Some studies have reported that the expression levels of soluble MICA are significantly increased in the serum of patients with HCC and chronic liver diseases [17,18]. Because the MICA gene is expressed in most epithelial cancer cells, its relationship with tumors has become a research focus for the past few years. Studies of the MICA gene have focussed on the relevance of alleles with tumors and the expression of MICA molecules on the surface of tumor cells. Studies carried out in European populations have discovered that associations exist between MICA gene and biliary cirrhosis [19,20]. Hoshida et al. found that MICA is related to hepatitis C-related HCC in Japanese [21]. It has been indicated by Chen et al. that the expression of MICA mRNA was reduced in HCC patients [22]. Therefor, we performed this study to explore the polymorphisms of MICA in Chinese Han HCC patients.
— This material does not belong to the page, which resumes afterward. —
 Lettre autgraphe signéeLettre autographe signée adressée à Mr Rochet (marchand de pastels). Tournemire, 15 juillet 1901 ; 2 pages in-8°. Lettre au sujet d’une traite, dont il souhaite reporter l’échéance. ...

IFN is a multifunctional cytokine which has effects on the treatment of tumors and many other diseases [23]. Many recent studies in China and abroad have explored the association between IFN-γ polymorphisms and some tumors, autoimmune diseases, and infectious diseases (e.g., tuberculosis, hepatitis B, and leishmaniasis) of human [24-26]. Nevertheless, results on the relationship between IFN-γ polymorphisms and the occurrence of HCC are inconsistent.
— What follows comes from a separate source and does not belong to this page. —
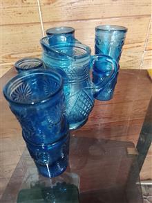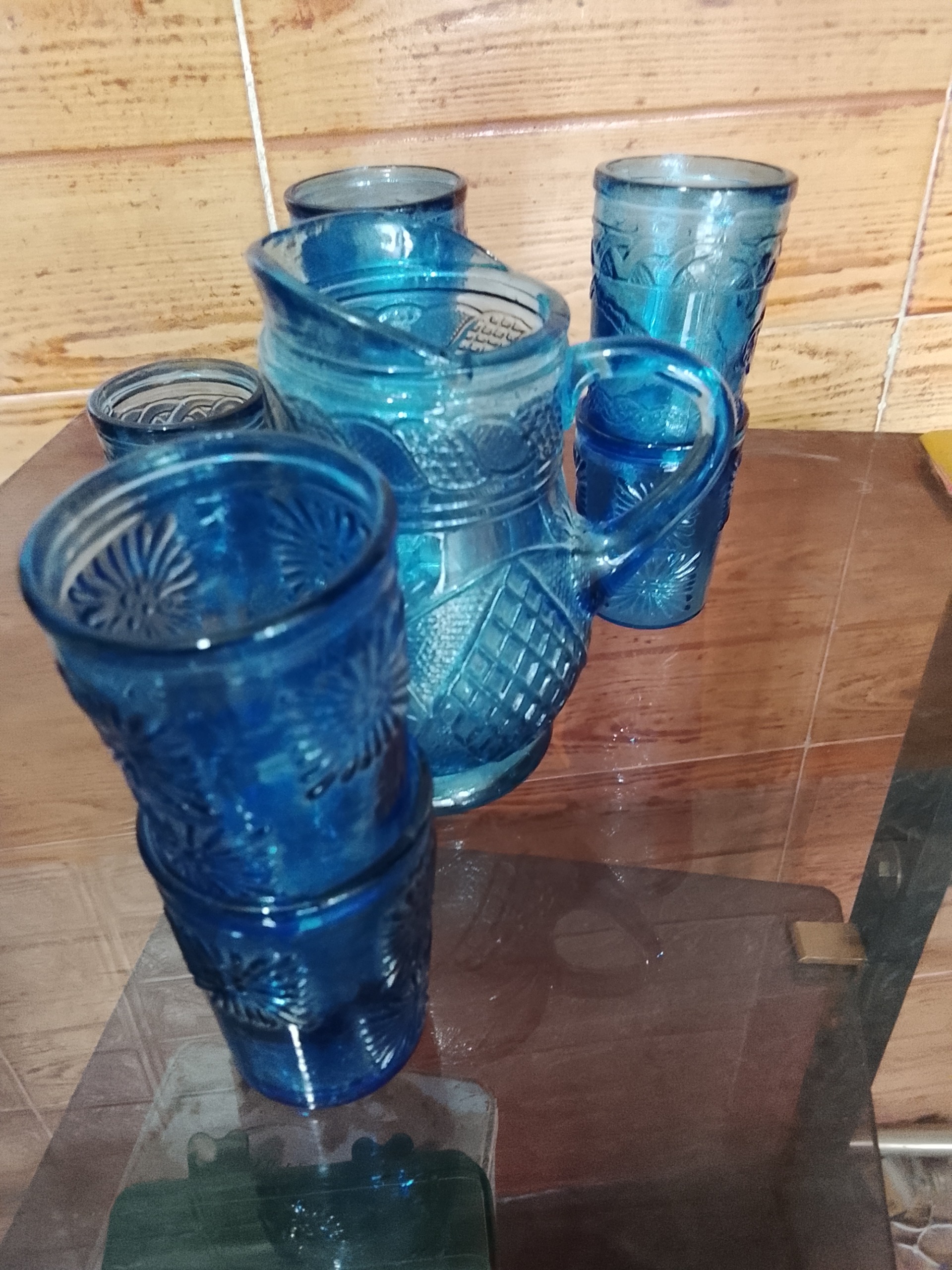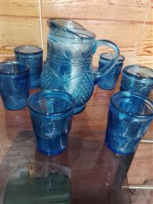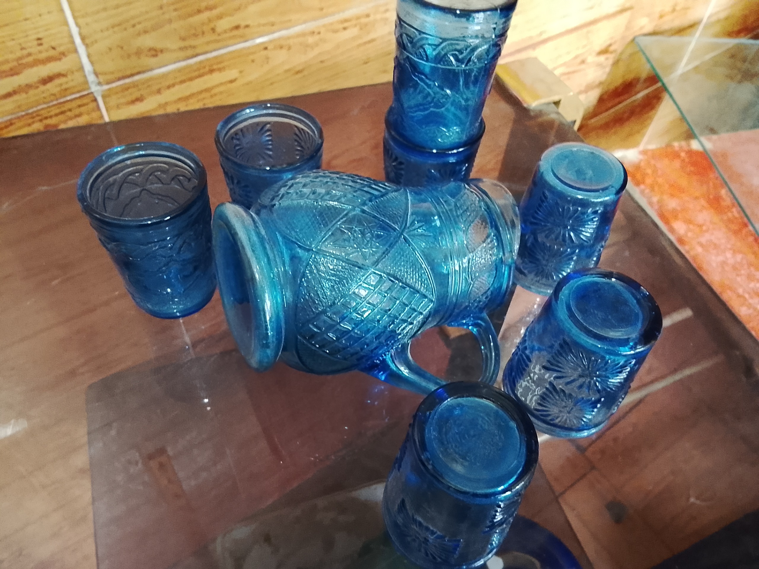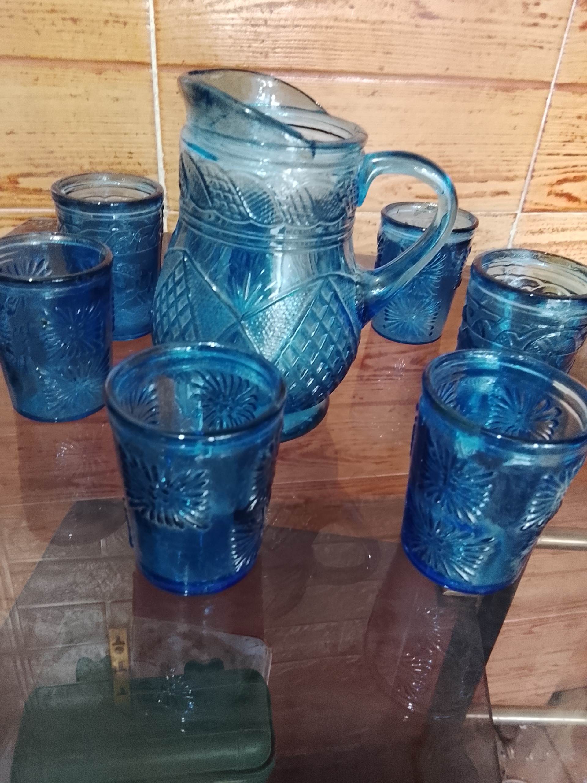 پارچ لیوان سایز کوچک و آبیرنگ با7عدداستکان خوش رنگ وکلکسیونی خریداران محترم توجه داشته باشند که بعلت قدیمی بودن و همچنین دست دوم بودن وسایل لطفاً در موقع خرید نهایت دقت را داشته باشند بالاخره وسایل حدود 50ساله هستند و شاید بعضایک خط و خش جزیی داشته باشندلذا

The present study investigated rs2069705 and rs2069727 polymorphisms in IFN-γ and rs2596542 polymorphism in MICA and found that the distributions of the homozygous mutant genotype of IFN-γ rs2069727 polymorphism in case and control groups were significantly different. However, IFN-γ rs2069705 polymorphism was irrelevant to the onset of HCC. As for MICA rs2596542 polymorphism, its AA genotype could increase the onset risk of HCC and it was correlated with the incidence of the disease. Further gene-gene interaction analysis showed that the interaction between the mutant genotypes of IFN-γ rs2069705 and MICA rs2596542 polymorphisms could influence the onset of HCC. Interaction was shown between polymorphisms of rs2069727 and rs2596542, and HCC risk could be enhanced by the interaction.

Our study results show that IFN-γ and MICA polymorphisms affect the incidence of HCC, and the gene-gene interaction between them plays an important role in the occurrence and development of such disease. Therefore, we should pay more attention to the influences of IFN-γ and MICA genes on HCC.

Conclusions

Although we obtained statistically significant results, they are insufficient to understand the pathogenesis of HCC. Our study had some limitations. Firstly, the sample size was small. Secondly, HCC is affected by multiple genetic and environmental factors, but environmental factors were not included in this study. Thirdly, the results were unadjusted. Finally, only 1 ethnicity was included. Therefore, a well-designed cohort study is needed, which should include a large sample size, more ethnicity gene-gene and gene-environment interactions, and adjustment for confounding factors. To confirm our results, another study focused on the MICA rs2596542 polymorphism and IFN-γ protein expression level is necessary. Only in this way can we provide more comprehensive guidance and a control strategy for the prevention of HCC.